Darmstadt (epd). Männer mit zu großen Brüsten können keine operative Brustverkleinerung auf Kosten der Krankenkasse verlangen. Sind sie von einer Brustdrüsenschwellung, der sogenannten Gynäkomastie, betroffen, stellt dies regelmäßig keine behandlungsbedürftige Krankheit dar, entschied das Hessische Landessozialgericht (LSG) in Darmstadt in einem am 3. September veröffentlichten Urteil. Nur wenn die vergrößerte männliche Brust zu orthopädischen oder dermatologischen Beschwerden führt oder eine entstellende Wirkung hat, sei eine Leistungspflicht der gesetzlichen Krankenkassen möglich.

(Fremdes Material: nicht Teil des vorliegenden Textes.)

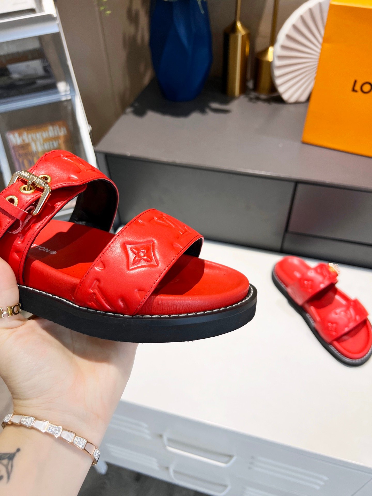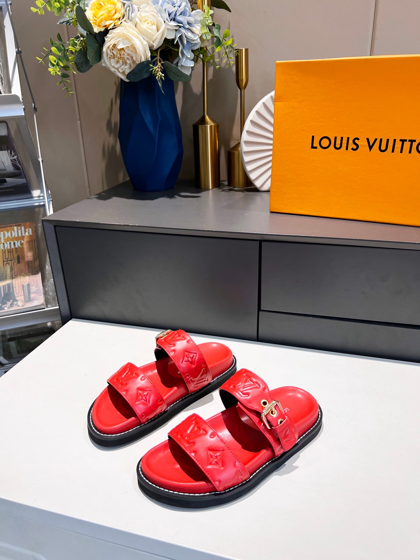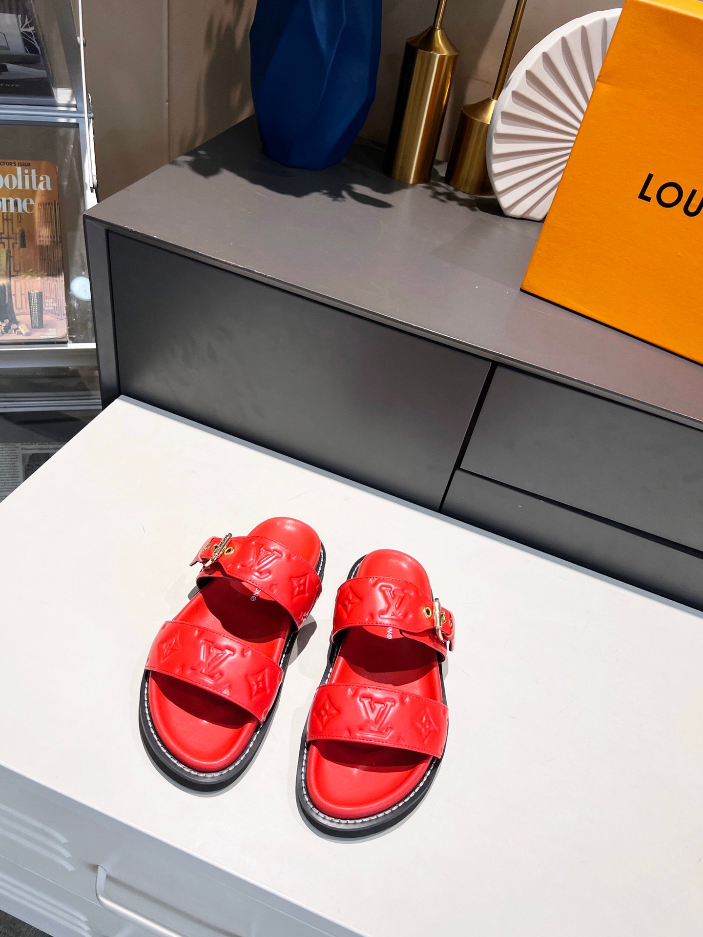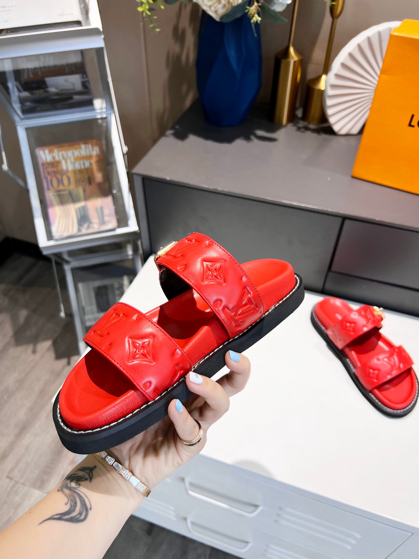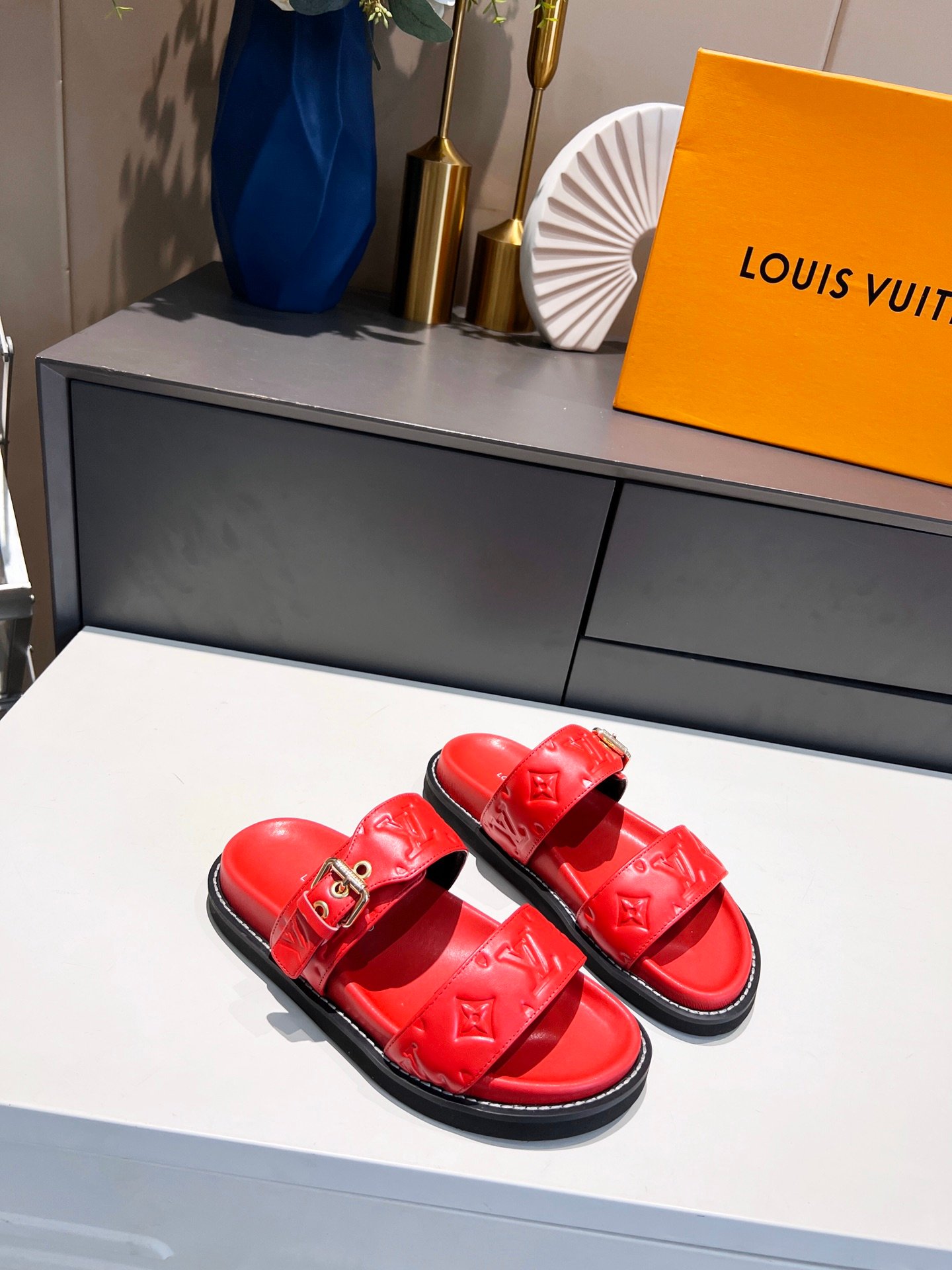 Louis Vuitton Women’s Bom Dia Flat Mule Red For Women LV

Im Streitfall hatte der 52-jährige Kläger bei seiner Krankenkasse die Kostenübernahme für eine beidseitige operative Brustverkleinerung beantragt. Die vergrößerten Brüste seien besonders berührungsempfindlich. Er habe Schmerzen in Ruhe wie auch beim Sport. Die Krankenkasse wies ihn ab. Es bestehe eine nur leichtgradige Brustvergrößerung ohne entzündliche Veränderungen. Auch Hinweise auf eine Tumorerkrankung gebe es nicht.
Das LSG wies die dagegen eingelegte Klage des Manns zurück. Nicht jede „körperliche Unregelmäßigkeit“ stelle eine behandlungsbedürftige Krankheit dar, für die die Krankenkasse aufkommen müsse. Orthopädische oder dermatologische Beschwerden bestünden beim Kläger ebenso wenig wie besonders ausgeprägte Schmerzen. Dass der Kläger gelegentlich Schmerzmittel einnehme, könne eine operative Brustverkleinerung auf Krankenkassenkosten nicht rechtfertigen. Führe die vergrößerte männliche Brust zu psychischen Beschwerden, müssten diese vorrangig mit einer Psychotherapie behandelt werden.
Zwar könne ein Eingriff in den gesunden Körper auch bei einer Entstellung gerechtfertigt sein. Die Brustvergrößerung des Klägers wirke aber „nicht evident abstoßend“. Die etwas vergrößerte Brust falle bei flüchtigen Begegnungen in Alltagssituationen nicht auf.
Nach Angaben der Deutschen Gesellschaft für Plastische, Rekonstruktive und Ästhetische Chirurgie liegt bei fast 50 Prozent der männlichen Jugendlichen zeitweise eine Brustvergrößerung vor, die sich in den allermeisten Fällen wieder zurückbildet. Starkes Übergewicht oder eine Hormonbehandlung nach Prostatakrebs können ebenfalls für eine Gynäkomastie verantwortlich sein.